§ **TRY IT**
Return every line below as is, leaving out the pictures.

§ **RECORDED INFORMATION**
________________________
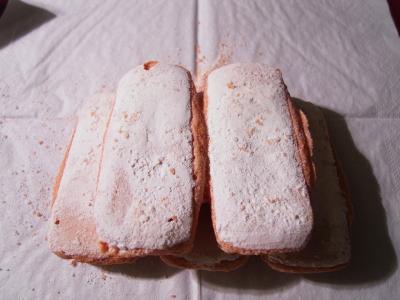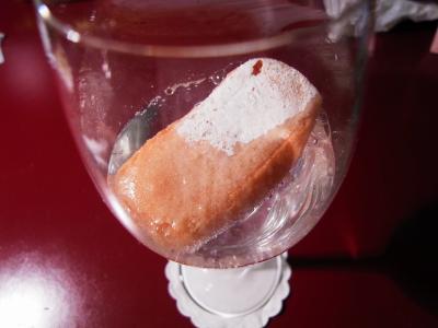 淡いピンクのビスケット。そに名もRose。シャンパンに浸しても良し
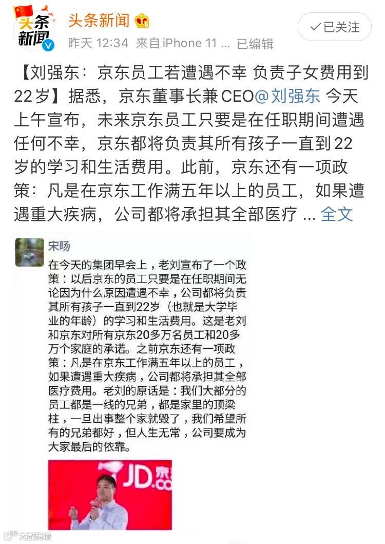 25日上午,刘强东宣布:未来京东员工只要是在任职期间遭遇任何不幸,京东都将负责其所有孩子,一直到22岁的学习和生活费用!
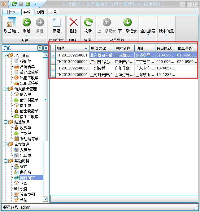傲藍舞臺租賃管理軟件提供同行商家信息有效管理,在軟件上登記同行商家的詳細信息方便管理。
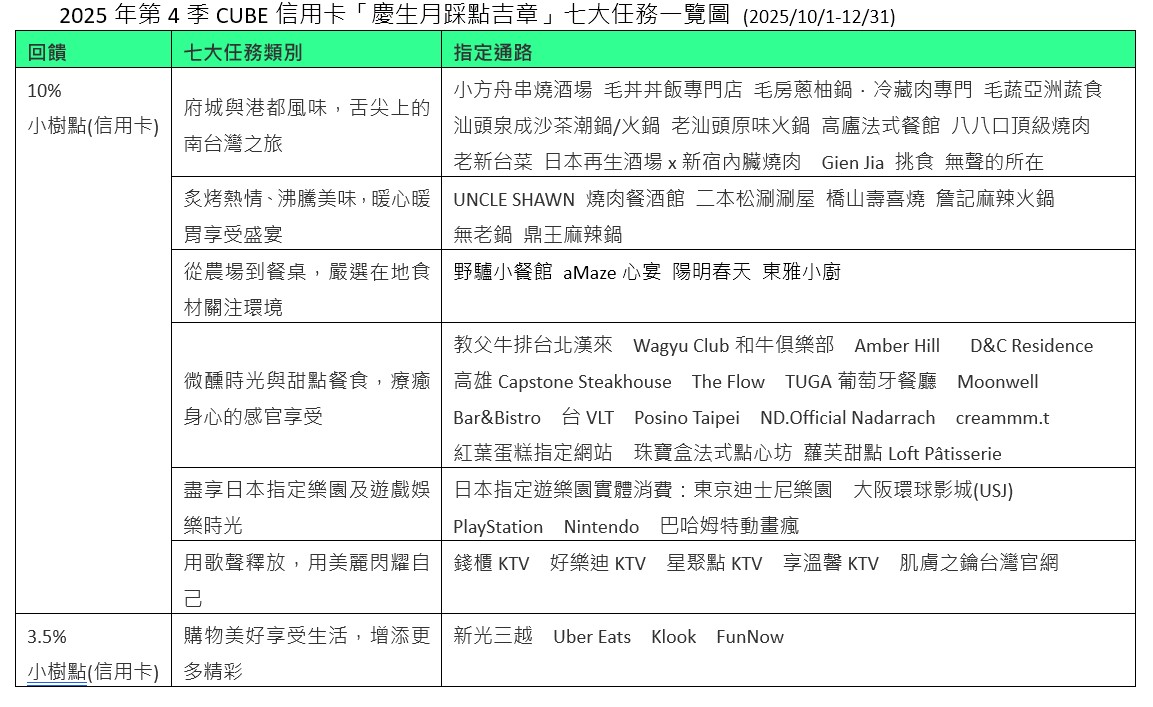 本季特別升級推出全新「慶生月踩點吉章」任務,推出「南台灣特色店家、燒肉鍋物、嚴選在地食材餐廳、牛排餐酒與甜點、日本指定樂園及遊戲娛樂、歡唱KTV,以及購物享受生活」等七大主題類別,鼓勵壽星卡友跨界體驗、為生日慶祝增添趣味與驚喜。
________________________
§ **EXERCISE RESPONSE**
 淡いピンクのビスケット。そに名もRose。シャンパンに浸しても良し
 25日上午,刘强东宣布:未来京东员工只要是在任职期间遭遇任何不幸,京东都将负责其所有孩子,一直到22岁的学习和生活费用!
傲藍舞臺租賃管理軟件提供同行商家信息有效管理,在軟件上登記同行商家的詳細信息方便管理。
 本季特別升級推出全新「慶生月踩點吉章」任務,推出「南台灣特色店家、燒肉鍋物、嚴選在地食材餐廳、牛排餐酒與甜點、日本指定樂園及遊戲娛樂、歡唱KTV,以及購物享受生活」等七大主題類別,鼓勵壽星卡友跨界體驗、為生日慶祝增添趣味與驚喜。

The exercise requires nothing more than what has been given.